DATA SHOWN:
○ ○ ○

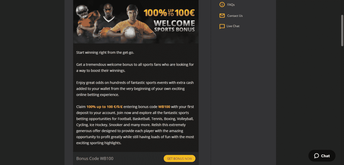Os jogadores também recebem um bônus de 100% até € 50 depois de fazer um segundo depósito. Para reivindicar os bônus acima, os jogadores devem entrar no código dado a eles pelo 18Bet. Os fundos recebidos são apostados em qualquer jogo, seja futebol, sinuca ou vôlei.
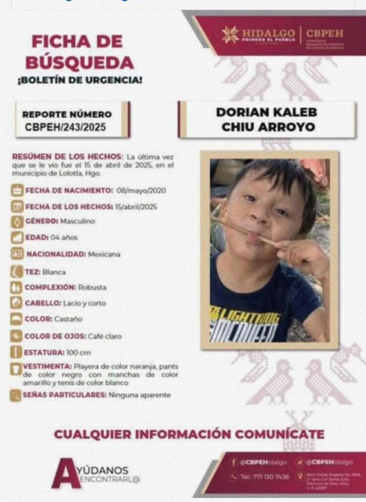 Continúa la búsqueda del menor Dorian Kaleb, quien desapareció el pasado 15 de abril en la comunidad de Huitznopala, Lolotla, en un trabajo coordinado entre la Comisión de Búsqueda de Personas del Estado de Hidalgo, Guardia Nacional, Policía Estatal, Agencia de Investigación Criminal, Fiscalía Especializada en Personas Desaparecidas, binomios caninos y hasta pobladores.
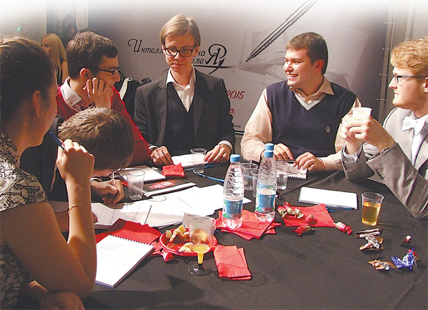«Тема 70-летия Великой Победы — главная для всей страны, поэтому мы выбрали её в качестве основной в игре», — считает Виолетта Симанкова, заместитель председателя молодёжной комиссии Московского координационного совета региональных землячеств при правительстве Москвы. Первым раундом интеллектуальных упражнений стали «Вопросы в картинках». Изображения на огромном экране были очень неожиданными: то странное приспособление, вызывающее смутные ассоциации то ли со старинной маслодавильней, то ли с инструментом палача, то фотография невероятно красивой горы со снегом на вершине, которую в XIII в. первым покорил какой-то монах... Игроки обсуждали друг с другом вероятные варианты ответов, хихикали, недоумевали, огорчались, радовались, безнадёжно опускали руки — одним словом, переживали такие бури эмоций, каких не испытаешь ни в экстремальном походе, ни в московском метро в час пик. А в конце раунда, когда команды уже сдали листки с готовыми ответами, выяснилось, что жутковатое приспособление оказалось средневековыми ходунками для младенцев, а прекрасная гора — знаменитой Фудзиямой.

○ ○ ○

PROBLEM TO WORK ON:
None of the pictures belong in the copy; transcribe the rest of the data exactly.

WRITTEN REPLY:
Os jogadores também recebem um bônus de 100% até € 50 depois de fazer um segundo depósito. Para reivindicar os bônus acima, os jogadores devem entrar no código dado a eles pelo 18Bet. Os fundos recebidos são apostados em qualquer jogo, seja futebol, sinuca ou vôlei.
 Continúa la búsqueda del menor Dorian Kaleb, quien desapareció el pasado 15 de abril en la comunidad de Huitznopala, Lolotla, en un trabajo coordinado entre la Comisión de Búsqueda de Personas del Estado de Hidalgo, Guardia Nacional, Policía Estatal, Agencia de Investigación Criminal, Fiscalía Especializada en Personas Desaparecidas, binomios caninos y hasta pobladores.
«Тема 70-летия Великой Победы — главная для всей страны, поэтому мы выбрали её в качестве основной в игре», — считает Виолетта Симанкова, заместитель председателя молодёжной комиссии Московского координационного совета региональных землячеств при правительстве Москвы. Первым раундом интеллектуальных упражнений стали «Вопросы в картинках». Изображения на огромном экране были очень неожиданными: то странное приспособление, вызывающее смутные ассоциации то ли со старинной маслодавильней, то ли с инструментом палача, то фотография невероятно красивой горы со снегом на вершине, которую в XIII в. первым покорил какой-то монах... Игроки обсуждали друг с другом вероятные варианты ответов, хихикали, недоумевали, огорчались, радовались, безнадёжно опускали руки — одним словом, переживали такие бури эмоций, каких не испытаешь ни в экстремальном походе, ни в московском метро в час пик. А в конце раунда, когда команды уже сдали листки с готовыми ответами, выяснилось, что жутковатое приспособление оказалось средневековыми ходунками для младенцев, а прекрасная гора — знаменитой Фудзиямой.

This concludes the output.